林業の持続的かつ健全な発展を図るため、目指すべき林業経営及び林業構造の姿を明確にしつつ、担い手となる林業経営体の育成、林業従事者の人材育成、林業労働等に関する施策を総合的かつ体系的に進めていく。


(1)目指すべき姿

これからの林業経営が目指すべき⽅向である「長期にわたる持続的な経営」を実現するためには、効率的かつ安定的な林業経営が林業生産の相当部分を担う林業構造を確立することが重要である。このため、主体となり得る森林組合や、民間事業者など森林所有者から経営受託等した林業専業型の法人、⼀定規模の面積を所有する専業林家や森林所有者(林業経営を行う製材⼯場等の「林産複合型」の法人も含む。)等を目指すべき姿へ導いていくため、施策を重点化するなど、効果的な取組に努める。

また、専ら自家労働等により作業を行い、農業などと複合的に所得を確保する主体等については、地域の林業経営を前述の主体とともに相補的に支えるものであり、その活動が継続できるよう取り組む。


(2)労働安全の確保や生産性の向上

従来の施業等を⾒直し、開発が進みつつある新技術を活用して、伐採・搬出の安全確保・生産性向上や造林の省力化等に向けて、

1)ドローン等による苗木運搬、伐採と造林の⼀貫作業や低密度植栽及びエリートツリー等の苗木を活用した造林の省力化・低コスト化と収穫期間の短縮

2)自動運転や遠隔操作の機能を有する林業機械の開発・普及による林業作業の省力化・労働負荷の軽減

3)レーザ測量や全球測位衛星システム(GNSS)を活用した高度な森林関連情報の把握及び情報通信技術(ICT)を活用した木材の生産流通管理等の効率化

4)新技術の導入を加速するための異分野企業の参入促進

等の取組を推進する。


2 担い手となる林業経営体の育成

(1)長期的な経営の確保

長期的に安定的な経営の確保のため、地籍調査等と連携した森林境界の明確化、長期施業受委託、森林経営管理制度による森林の集積・集約化等を促進する。また、市町村森林整備計画に適合した適切な森林施業を確保する観点から、森林経営計画の作成を促進する。


(2)経営基盤及び経営力の強化

経営基盤の強化のため、森林組合法(昭和53年法律第36号)に基づき事業連携等を推進する。また、基盤強化を図る金融や税制上の措置等の活用を推進する。
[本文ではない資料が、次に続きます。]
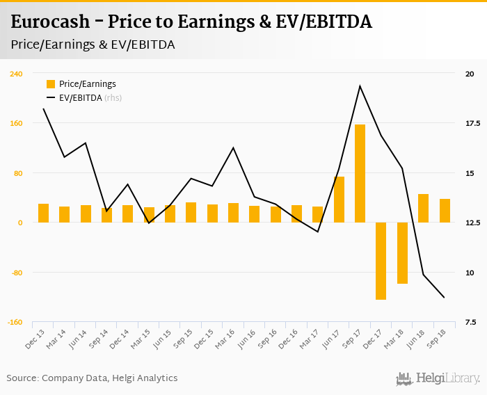 Eurocash stock traded at EUR 18.1 per share at the end 3Q2018 translating into a market capitalization of USD 685 mil.

経営力の強化のため、施業集約化を担う森林施業プランナーの育成及び木材の有利販売等を担う森林経営プランナーの育成を推進する。


(3)林産複合型経営体の形成

林地取得等により林業経営を行う製材⼯場その他の「林産複合型経営体」を形成するため、株式会社⽇本政策金融公庫による林業経営育成資金(森林取得)の融通、当該資金の借入れに対する利⼦助成、独立行政法人農林漁業信用基金による債務保証等を通じて資金調達の円滑化を図る。


(4)生産性の向上

林業の収益性の向上や木材需要に対応した原木の安定供給等を着実に推進するため、路網整備、先進的な林業機械等の導入の支援等に取り組む。

また、花粉発生源対策として、スギ人⼯林伐採重点区域において木材加⼯業者等に対する先進的な林業機械等の導入を支援する。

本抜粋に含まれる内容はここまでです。